All of the entries need to be printed again exactly; pictures are the only thing to omit.
- - -
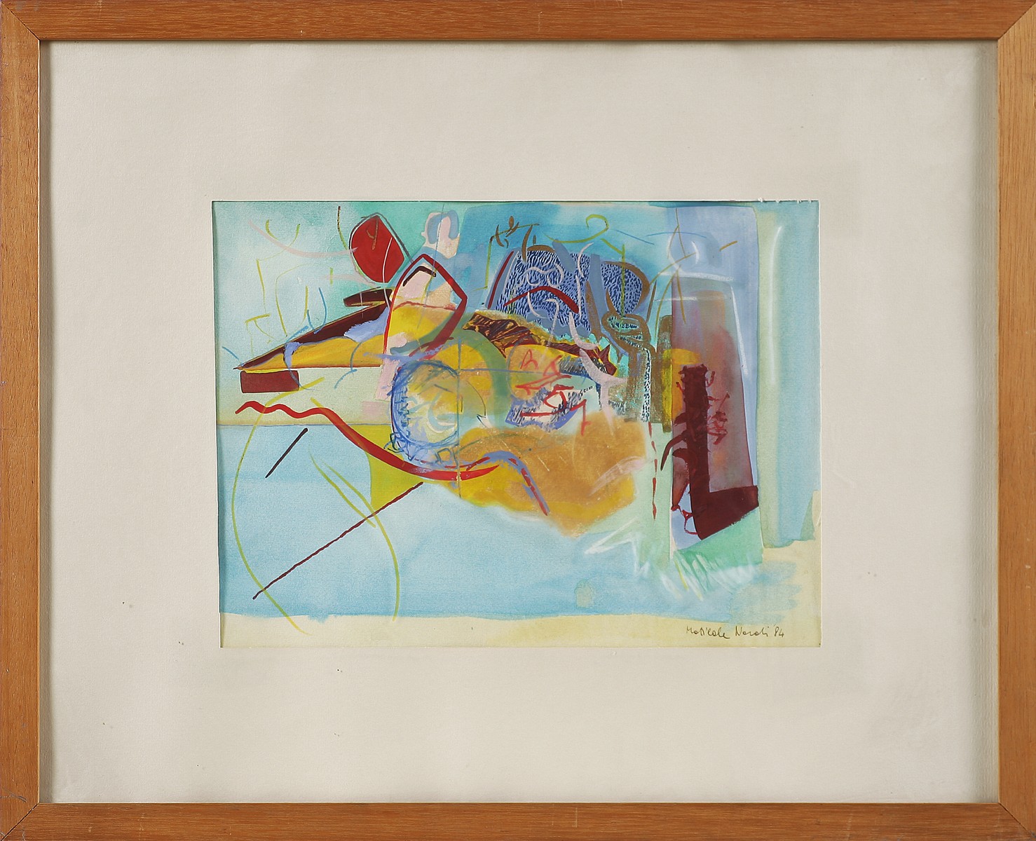 NARDI MATILDE Senza titolo. 1984. Tecnica mista su carta . Cm 31,00 x 23,00. Firma e anno in basso a destra. Cornice presente
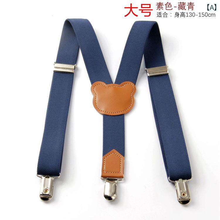 サスペンダー キッズ 男の子 女の子 学生用 発表会 イベント 通学 カジュアル フォーマル 3クリップ 伸縮性 弾性 幅広 負担軽減 調節可能 アジャスター付き くま柄 スター柄 ドット柄 アンカー柄 かわいい 紺 茶 黒
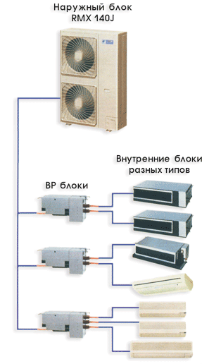Вообще-то разница в конструкции этих двух систем кондиционирования соверщенно незначительна и заключается в разном количестве подключаемых к системе блоков и длиной трассы.
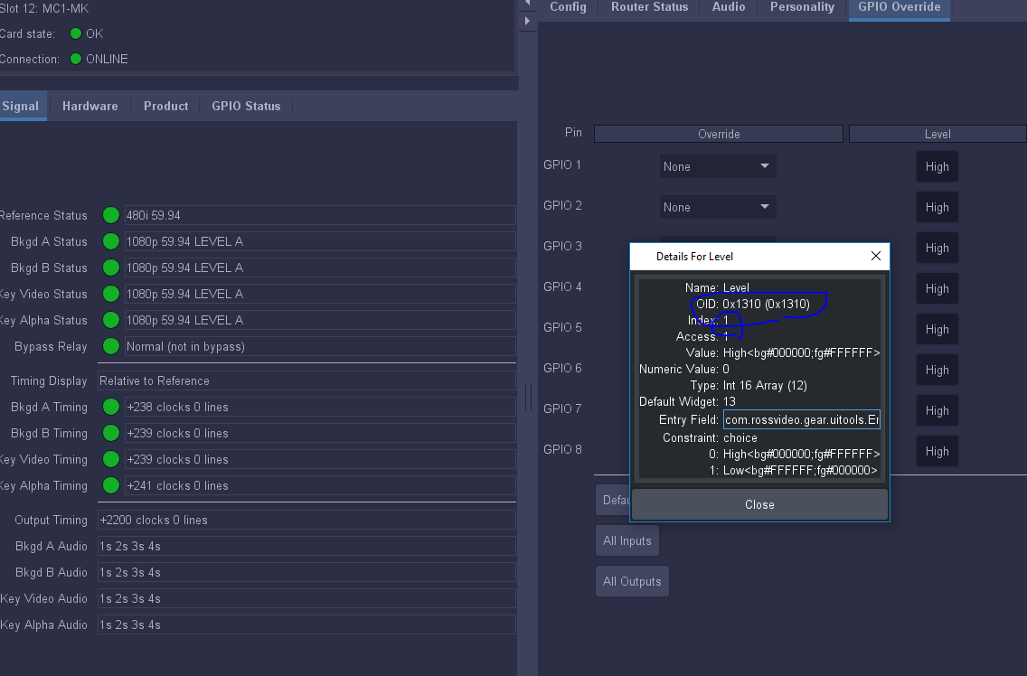 I think you want to drop the "Level" for GPIO 2 into your panel. To know which parameter that is, you can go to the MC1 panel, and do "Ctrl-I" (I for inspector). Then double click on the parameter you want to see.something like this:
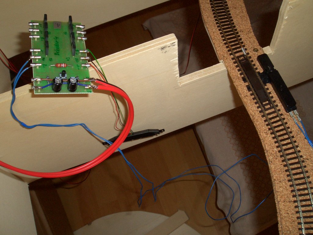 Magnetartikeldekoder 4 temporär für Entkupplungsgleis gelötet
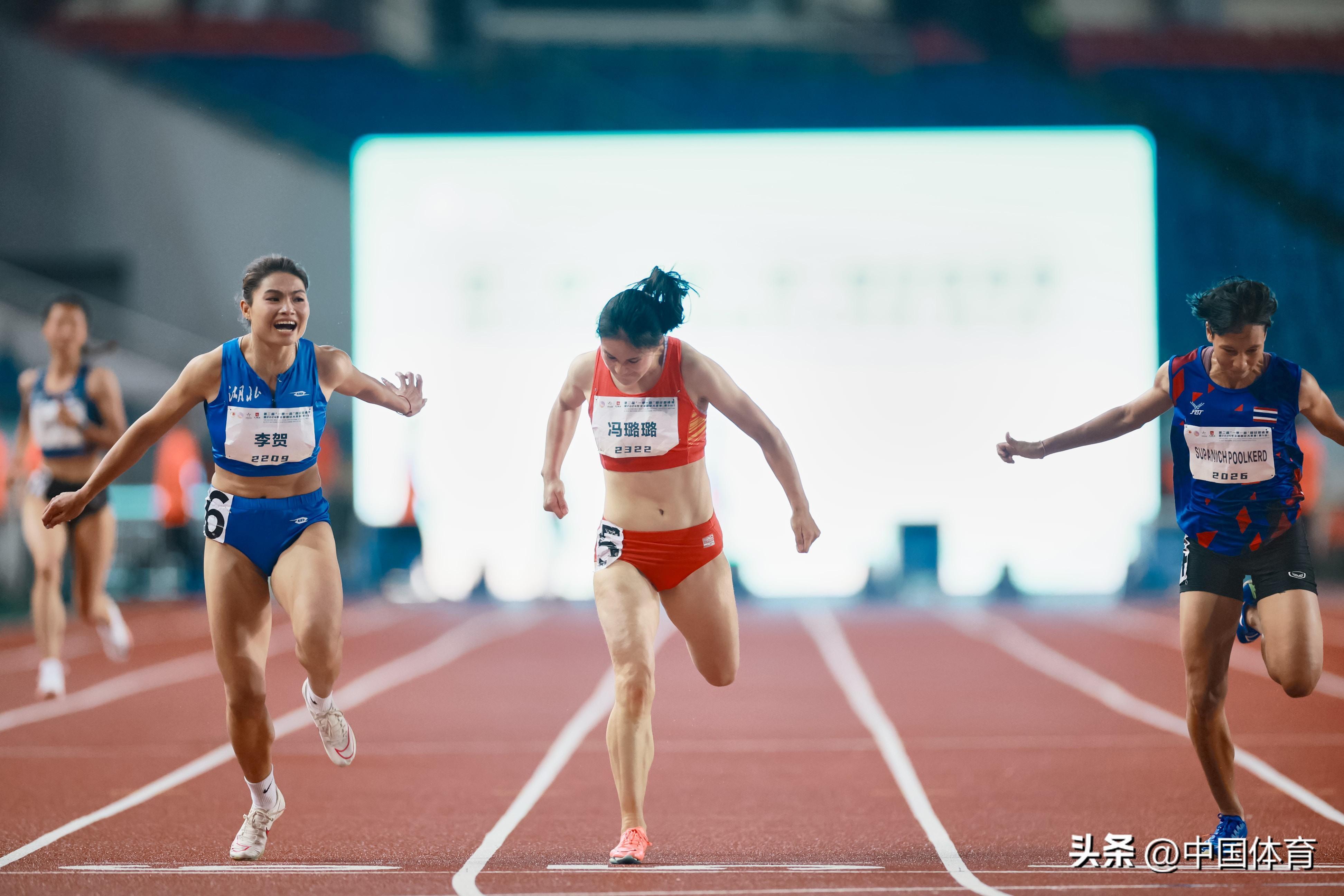 女子100米決賽中,湖北彈射者隊李賀以11秒55摘金,陝西隊馮璐璐以11秒57奪銀,泰國選手獲得銅牌。
- - -
- Task answer -
 NARDI MATILDE Senza titolo. 1984. Tecnica mista su carta . Cm 31,00 x 23,00. Firma e anno in basso a destra. Cornice presente
 サスペンダー キッズ 男の子 女の子 学生用 発表会 イベント 通学 カジュアル フォーマル 3クリップ 伸縮性 弾性 幅広 負担軽減 調節可能 アジャスター付き くま柄 スター柄 ドット柄 アンカー柄 かわいい 紺 茶 黒
Вообще-то разница в конструкции этих двух систем кондиционирования соверщенно незначительна и заключается в разном количестве подключаемых к системе блоков и длиной трассы.
 I think you want to drop the "Level" for GPIO 2 into your panel. To know which parameter that is, you can go to the MC1 panel, and do "Ctrl-I" (I for inspector). Then double click on the parameter you want to see.something like this:
 Magnetartikeldekoder 4 temporär für Entkupplungsgleis gelötet
 女子100米決賽中,湖北彈射者隊李賀以11秒55摘金,陝西隊馮璐璐以11秒57奪銀,泰國選手獲得銅牌。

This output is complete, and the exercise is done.